To determine the enrichment of neuronally expressed RNA-binding proteins on gene transcripts, raw HITS-CLIP reads derived from the mouse brain were obtained from publically available datasets in the GEO repository (listed below). The quality of raw reads were assessed with FastQC[63] and contaminants were removed using Trimgalore[64] with parameters ‘-q 15 --length 20 --stringency 5′. Remaining reads were aligned to a mouse reference genome derived from the Ensembl v75 archived assembly using STAR (version 2.5)[60] with parameters ‘--outFilterMultimapNmax 1 --outFilterScoreMinOverLread 0 --outFilterMatchNminOverLread 0.5 --alignEndsType Local’. Replicates were merged and then subsampled to match the sample with the lowest library size. Genome annotation from Ensembl v75 and in-house developed scripts facilitated the calculation of RNA binding protein coverage in gene models. Genes not included in Groups A-H (Figure 4f) were filtered out. For k-means clustering of RBPs, raw read counts were first normalized using the variance stabilizing transformation function in “DESeq2”[62], and the R packages “factoextra”, “cluster”, and “NbClust” were used to perform a Silhouette coefficient analysis and cluster genes based on the optimal k number of clusters. The Kruskal-Wallis test, followed by a post-hoc Wilcoxon Rank Sum Test with Holm’s correction for multiple comparisons, was used to identify statistically significant differences in RNA-binding protein enrichment within each gene cluster.

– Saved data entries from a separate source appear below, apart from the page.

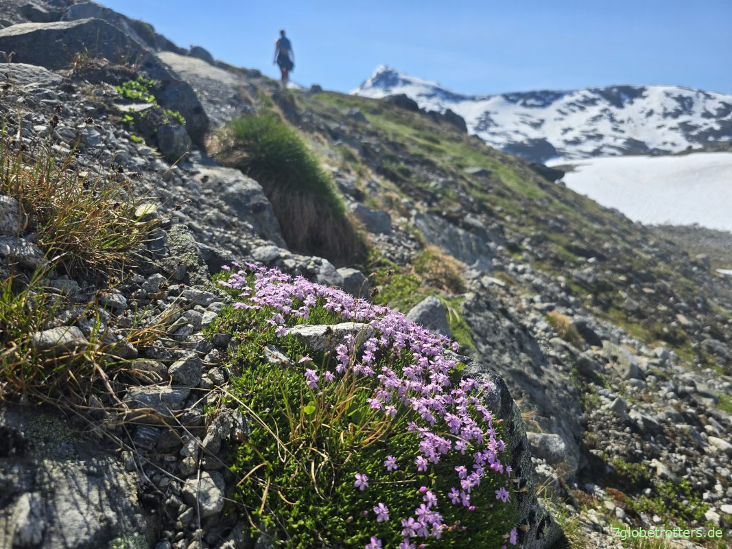 Und trotz der vereisten Bergseen sind heute bestimmt 20 Grad Celsius.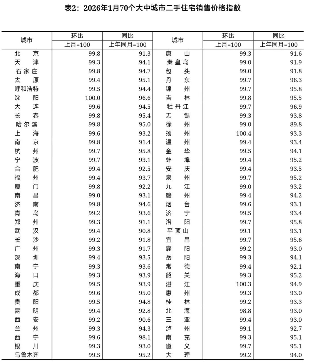 国家统计局的数据显示,1月份,北京二手住宅销售价格环比下降0.2%,是四个一线城市中降幅最小的。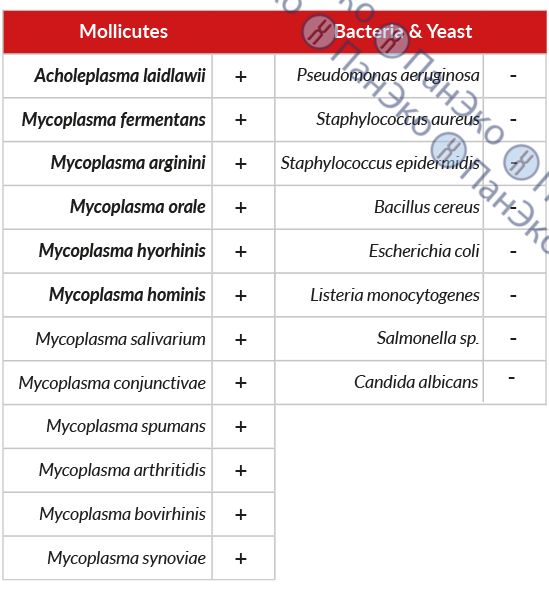 Тест-полоски на 95% эффективны для обнаружения микроорганизмов, наиболее часто контаминирующих клеточные культуры: M. orale, M. hyorhinis, M. arginini, M. fermentans, M. hominis, и A. laidlawii. Тест высокоспецифичен и реагирует на участки ДНК, которые не встречаются у других бактерий и грибов.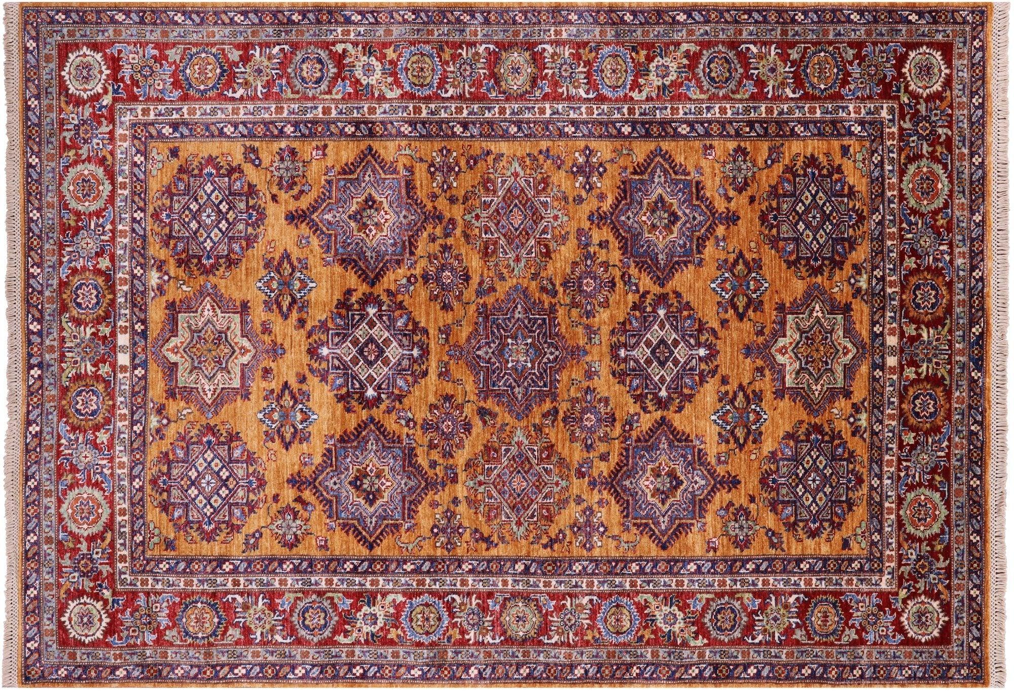 Gold 5' 5" X 7' 7" Super Kazak Geometric Handmade Wool Rug - Q9556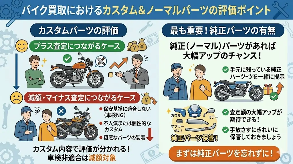 純正パーツが手元に残っている場合は、査定時に一緒に提示することで査定額がアップする可能性があります。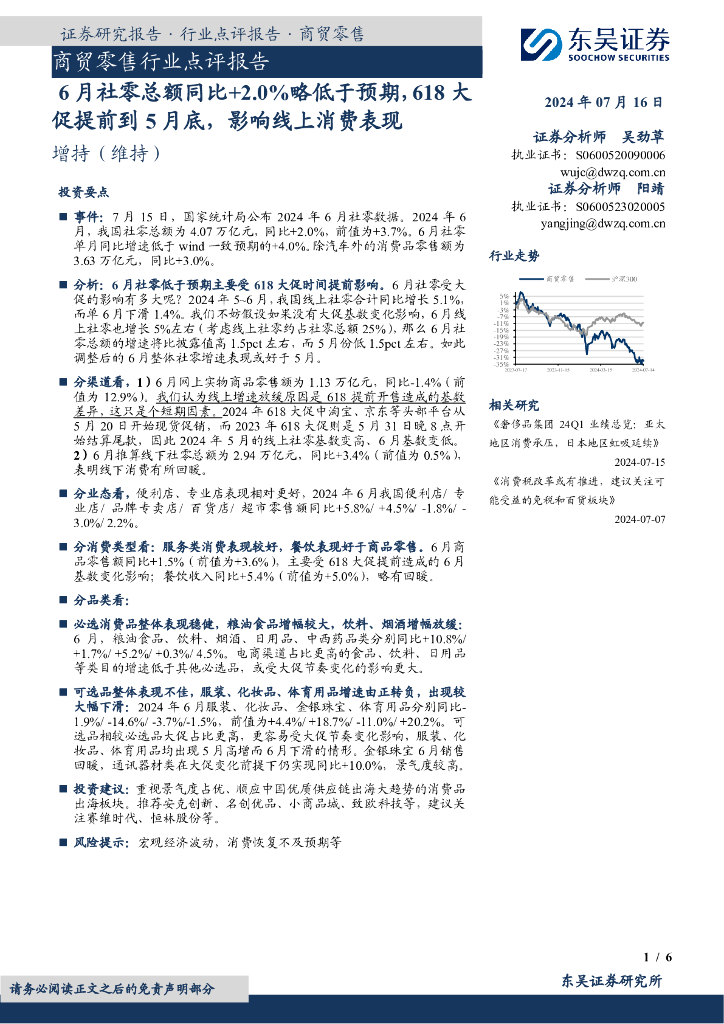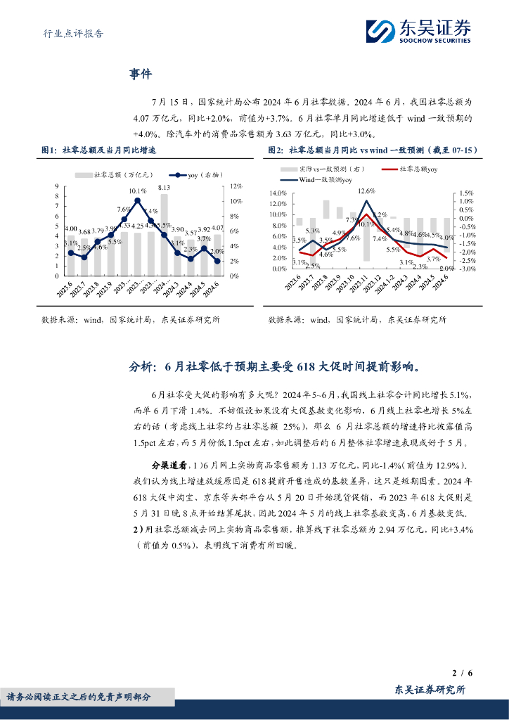 东吴证券:商贸零售行业点评报告:6月社零总额同比+2.0%略低于预期,618大促提前到5月底,影响线上消费表现.pdf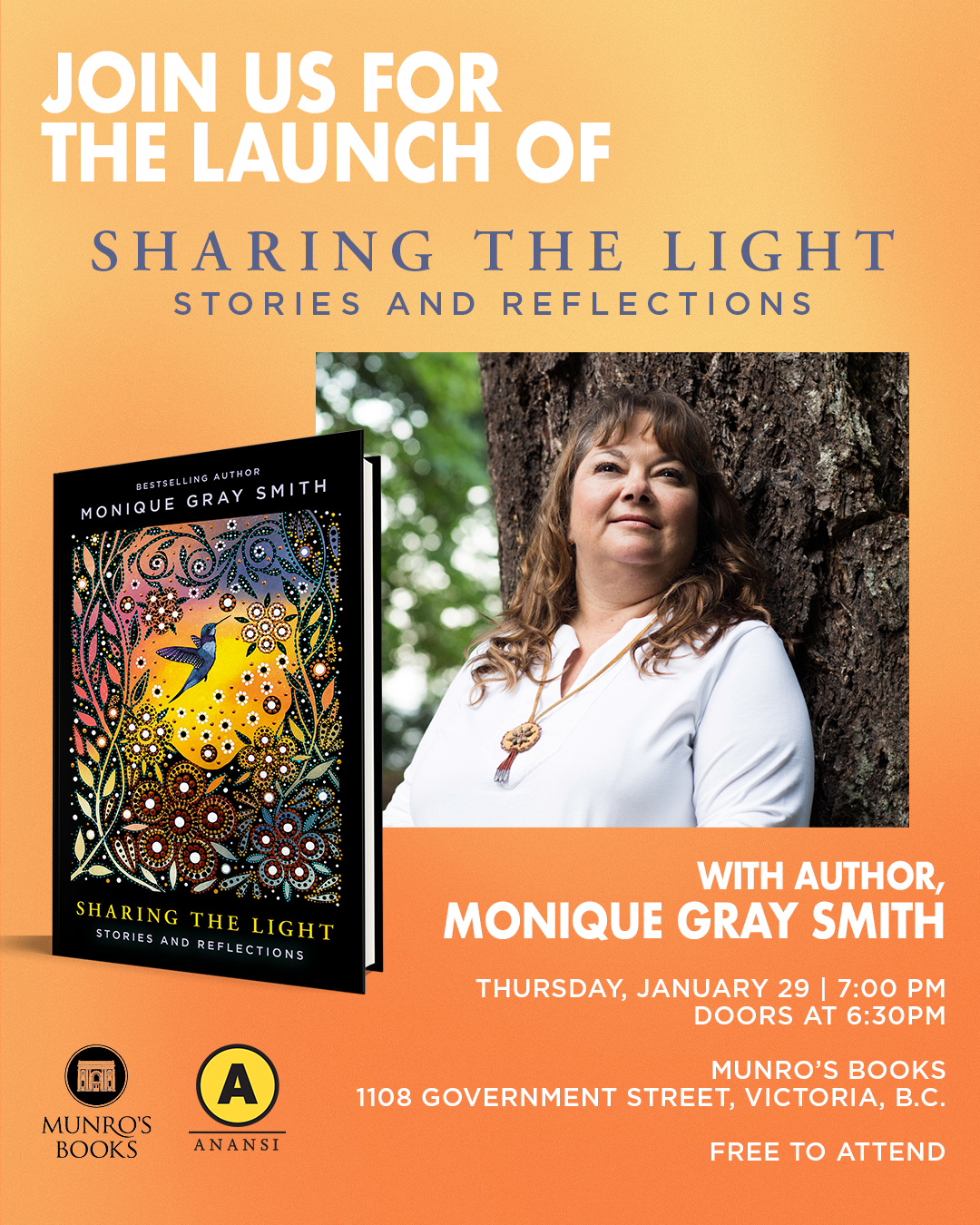 Join us for the launch of Monique Gray Smith’s new book, Sharing the Light: Stories and Reflections ! A collection which inspires gratitude, love, joy, and hope in navigating life in a changing, challenging world.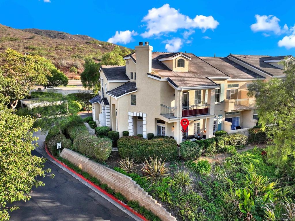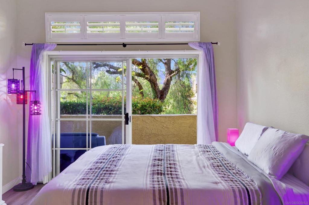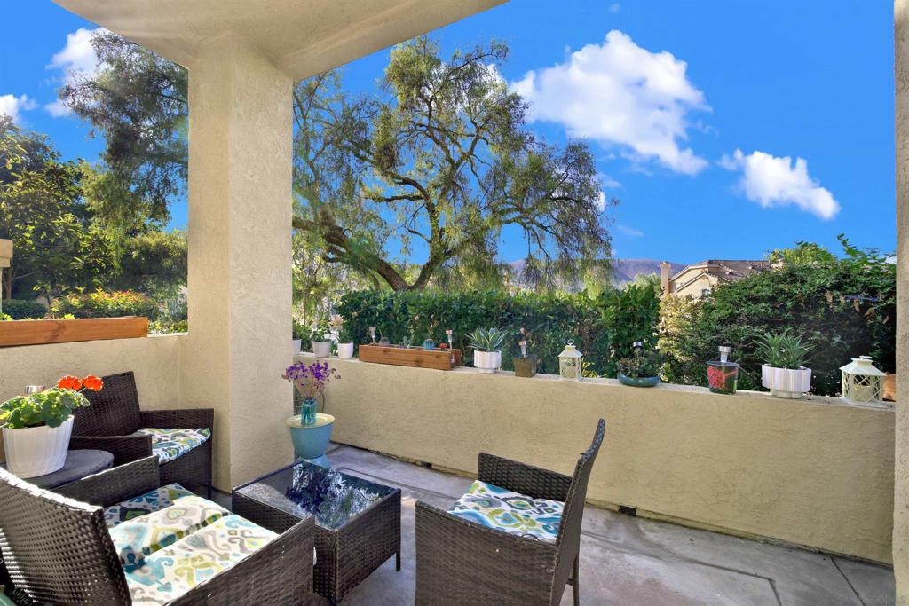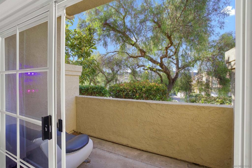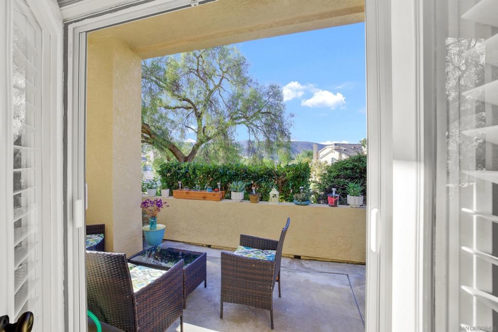 Welcoming, Bright 2BR/2BA corner-unit townhouse in the gated community of Provencal! Located within minutes of shops, eateries, freeway access, and golf courses in the Carmel Mountain Ranch region of Rancho Bernardo Two separate balconies - off the living room and master retreat with MOUNTAIN VIEWS. Beautiful kitchen features stainless steel appliances, granite countertops, a breakfast bar. whole house has water filtration. Vaulted ceiling and gas fireplace in the living room and an abundance of windows with custom plantation shutters. Large master suite with walk-in closet. Travertine tile flooring throughout with nice vinyl in the bedrooms. Full size washer and dryer in the laundry room. Plenty of storage in the attached 2 car garage.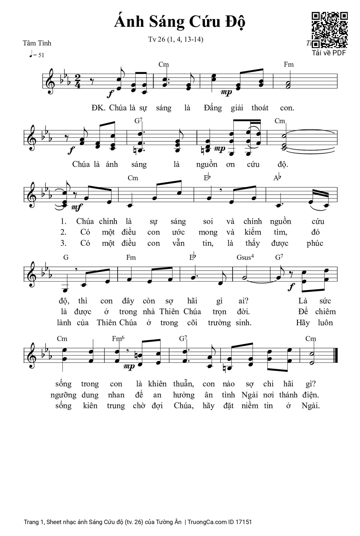 Điệp khúc. Chúa là sự sáng là Đấng giải thoát con. Chúa là ánh sáng là nguồn ơn cứu độ.

RBP gene clusters were then used to perform One-tailed Fisher’s Exact Test with genes from Groups A-H to identify RBP enrichments that significantly associate with genes displaying subcellular differences in gene expression changes in R106W mutant mice.

Functional Enrichment of Differentially Expressed Genes

For DAVID gene ontology, a list of differentially expressed protein-coding genes was compared to a background list of actively expressed protein-coding genes from their respective cell type. Statistically significant terms (Benjamini P < 0.01, FDR < 0.05) were plotted for Figures S3C-D. For Gene Set Enrichment Analysis (GSEA), we performed a seeded, pre-ranked GSEA from lists of differentially expressed protein-coding genes (ranked by fold change) using the September 2015 Mouse GO Gene Set Release (http://download.baderlab.org/EM_Genesets/September_24_2015/Mouse/). GSEA network associations (P-value < 0.1, Q-value < 0.1) were visualized using the Enrichment Map application (v2.0.1) in Cytoscape (v3.2.1)[65,66], and clustered using gene set overlap coefficients.

Principal Components Analysis (PCA)

PCA analyses were performed with the top 500 genes exhibiting the highest row variance using the “plotPCA” function in the R package “DESeq2”. Principal components were plotted using Graphpad Prism version 6.0 for Mac (GraphPad Software, La Jolla California USA, www.graphpad.com).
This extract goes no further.